You are correct. The fraction is dependent to $\theta$ and the limit does not exist and is not equal to $1$.

Answer 2

The way you are proceeding is completely correct. Just add the conclusion.

We have $$\lim_{z\to 0}{\frac{z}{z^*}}$$

Now Z is in the complex plane.
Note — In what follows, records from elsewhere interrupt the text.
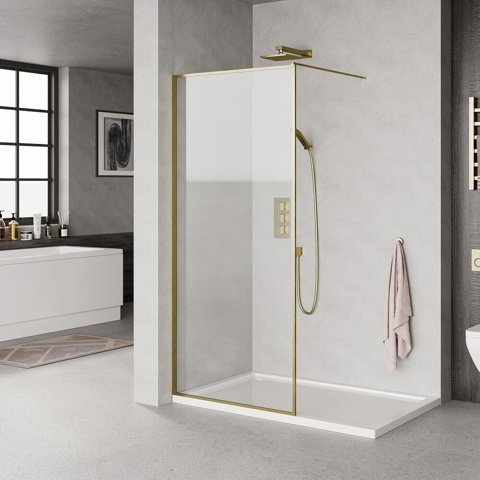 Er du på udkig efter en enkel og klassisk brusevæg, der kan fuldende brusehjørnet på dit badeværelse? Så finder du her en elegant brusevæg fra Mikelo med klart glas og en smuk aluprofil i farven oxideret messing. Brusevæggen er lavet i 6 mm sikkerhedsglas, og der medfølger en forhængsstang i samme bredde som brusevæggen.
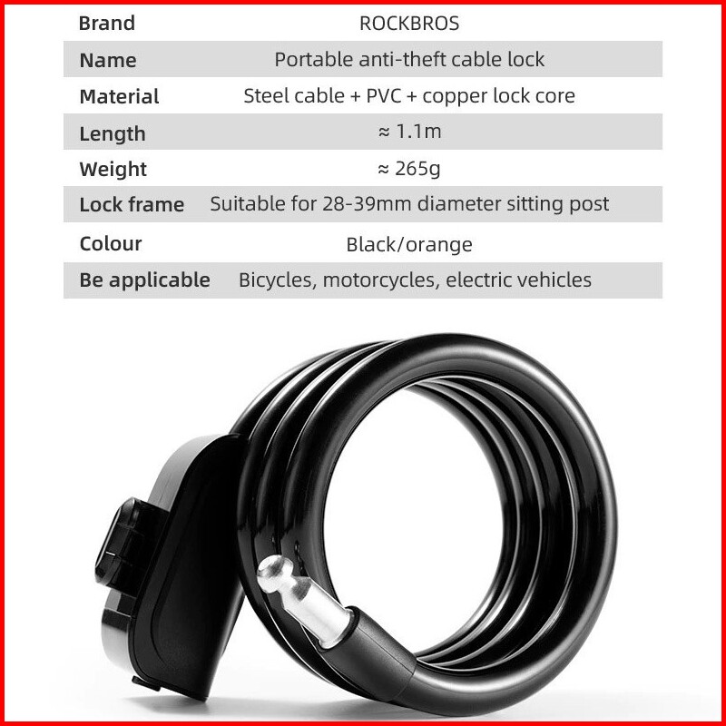 Rockbros Rks515 Kunci Gembok Sepeda Lock Ring 110 Cm Portable Cable Lock Pengaman Motor Sepeda Helm
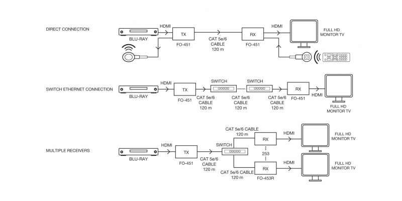 | Расстояние передачи | до 120 м при прямом соединении с разрешением 1080p, расширяется на 120 м с каждым уровнем коммутатора |
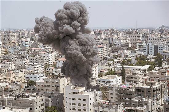 8月6日,加沙城遭遇以色列空袭后升起浓烟 新华社发 |
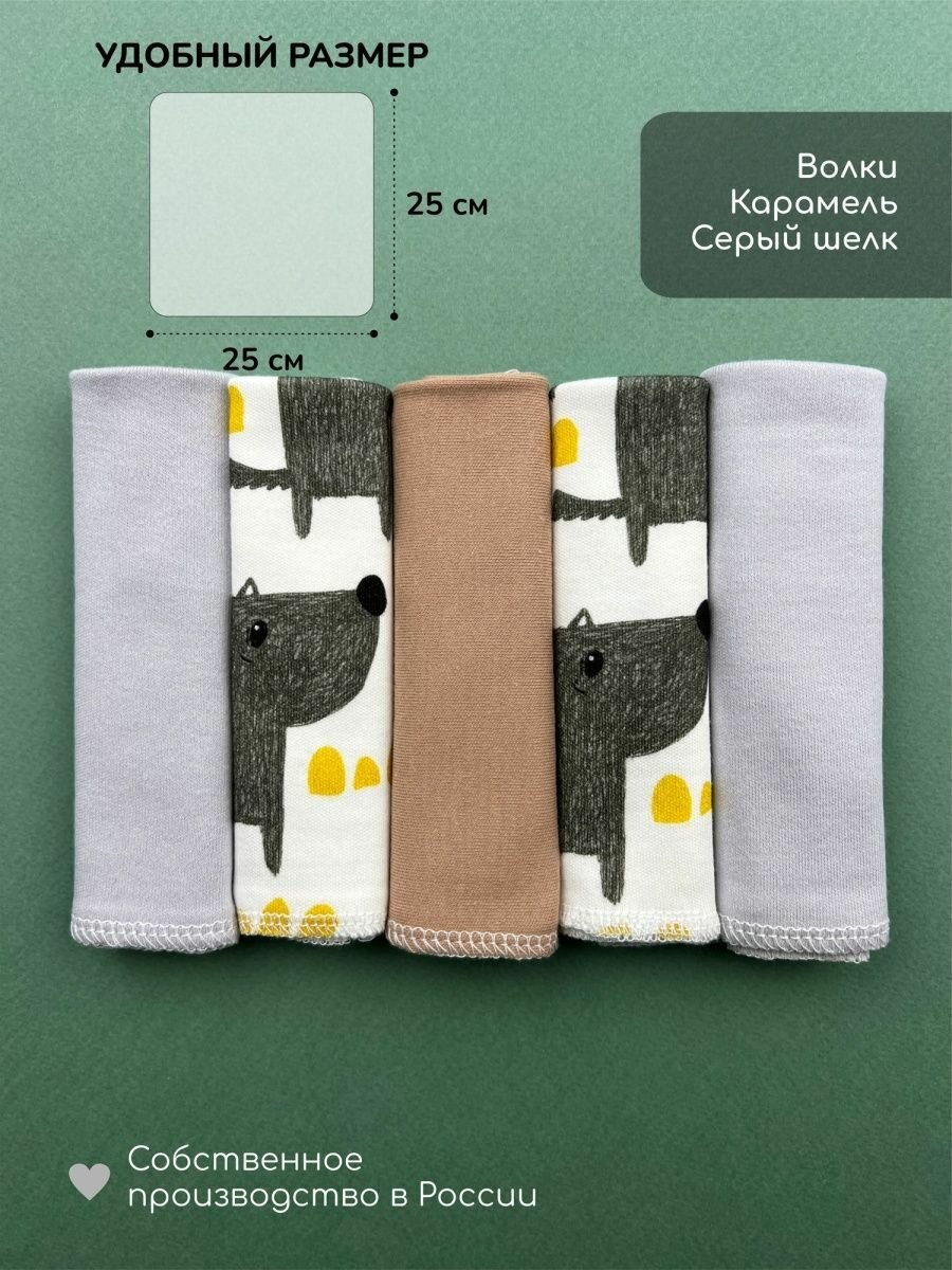 Платочки-слюнявчики трикотажные набор 5 шт LooJoo Волки Хлопок 100% информация:
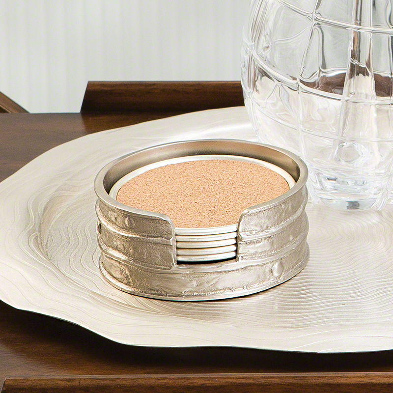 The Abbey pattern is cast into the base of the coaster caddy which is finished in antique nickel. The Abbey caddy holds six satin nickel coasters lined top and bottom with cork.
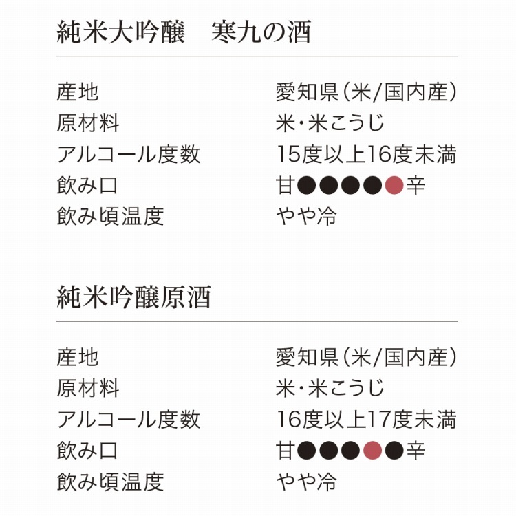商品内容●セット内容:純米大吟醸 寒九の酒1.8L、純米吟醸原酒1.8L
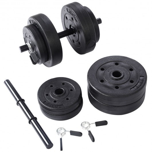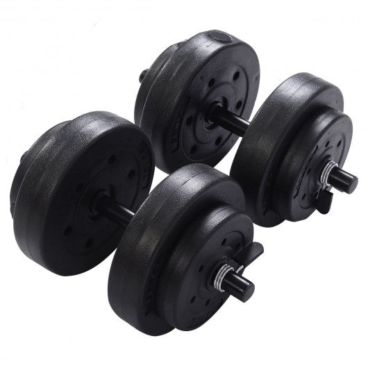 The Goplus 40 lbs weight dumbbell set is ideal for body workout at home or in the office which can keep you fit and healthy. It is designed to enhance your physical strength especially for your arm leg waist etc. It is suitable for basic strength exercises. There are four 7.5 lbs plates and four 2.5 lbs plates which reach maximum lift weights to 40 lbs. The buckles are included so that it could fix the plates. Besides the plates are made of environmental-friendly HDPE material. Enjoy your workouts with our new dumbbell set. Brand new and high quality Suitable for basic strength exercises Perfect for arms chest back and legs 40 lbs lift weight (four 7.5 lbs + four 2.5 lbs) Including buckles for fixing the plates Environmental-friendly HDPE material of plates Two tubular rods
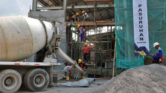 Sejumlah pekerja sedang membangun gedung hanggar pada proyek Tempat Pengolahan Sampah Terpadu (TPST) Pasuruhan, Mertoyudan, Magelang, Jawa Tengah, Rabu (17/7/2024).
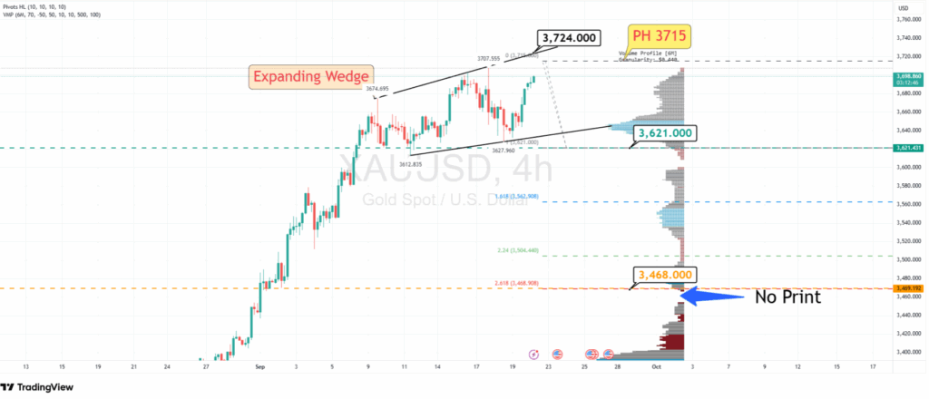 Giá vàng (XAUUSD) tiếp tục dao động mạnh trong vùng gần đỉnh lịch sử $3.707,5, hình thành mô hình Expanding Wedge (Nêm mở rộng) trên biểu đồ intraday. Diễn biến này cho thấy thị trường đang trong giai đoạn biến động giằng co, tiềm ẩn khả năng điều chỉnh giảm trong ngắn hạn.
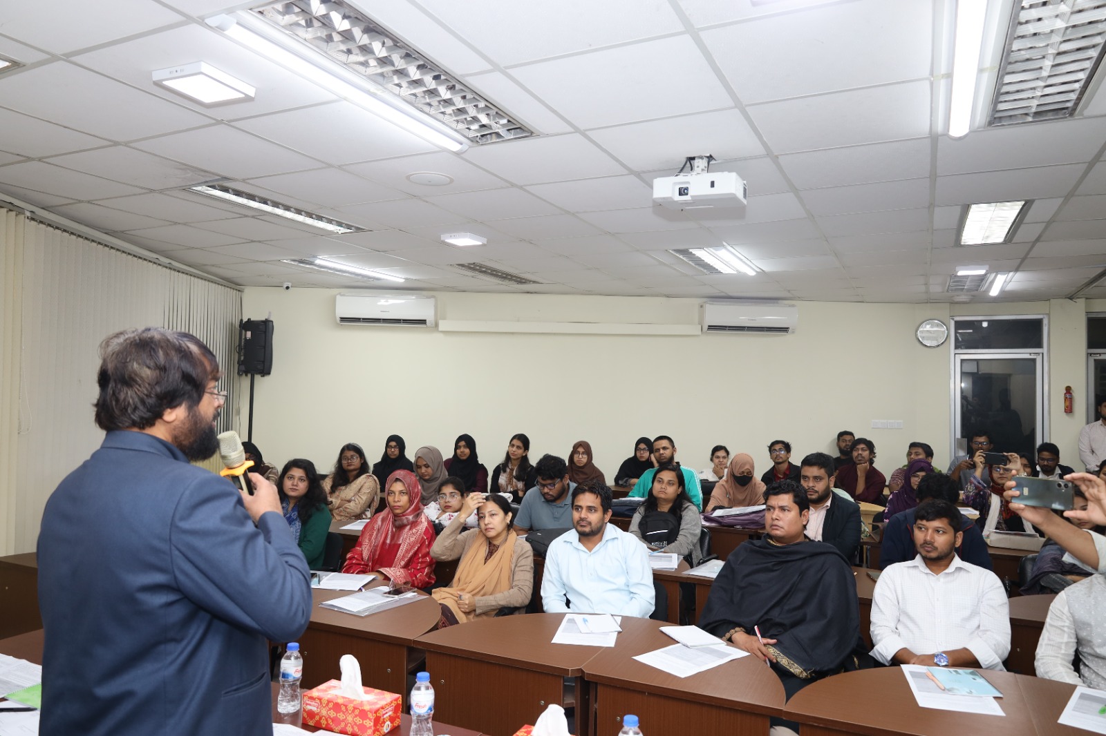 বিশেষ অতিথির বক্তব্যে প্রো-ভাইস চ্যান্সেলর অধ্যাপক ড. মোঃ সাজেদুল করিম বলেন, আমরা এমন একটি চমৎকার শিক্ষাবান্ধব পরিবেশ তৈরি করতে চাই যেখানে শিক্ষার্থীরা তাদের বিষয়ভিত্তিক জ্ঞান আরও সমৃদ্ধ করতে পারবে। একই সঙ্গে তারা যেন শুদ্ধ ও সাবলীলভাবে বাংলা বলা ও লেখার দক্ষতা অর্জন করতে পারে। প্রয়োজনে সে ভাষার জ্ঞানকে আন্তর্জাতিক বিভিন্ন ভাষায় রূপান্তর করার সক্ষমতা অর্জন করতে পারে। আমাদের প্রত্যাশা, সব অনুষদের শিক্ষার্থীরা যখন ৪র্থ বর্ষে পৌঁছাবে তখন তারা যেন গর্বের সাথে বলতে পারে যে তারা ইতোমধ্যে এক বা একাধিক পাবলিকেশনের মালিক হয়েছে। গবেষণা ও প্রকাশনার এই সংস্কৃতি ভবিষ্যতের ক্যাম্পাসকে আরও সমৃদ্ধ করবে।

Let's move toward zero through the imaginary axis.

as on imaginary axis, z is imaginary always, so $z=-z^*$

Hence $$\lim_{z\to 0}{\frac{z}{z^*}}=\frac{z}{-z}=-1$$

Now let's approach zero from the real axis, on the real axis we have

$z=z^*$

Hence $$\lim_{z\to 0}{\frac{z}{z^*}}=\frac{z}{z}=1$$

Conclusion: If we approach zero along different paths then we get different limit hence the limit at zero doesn't exist.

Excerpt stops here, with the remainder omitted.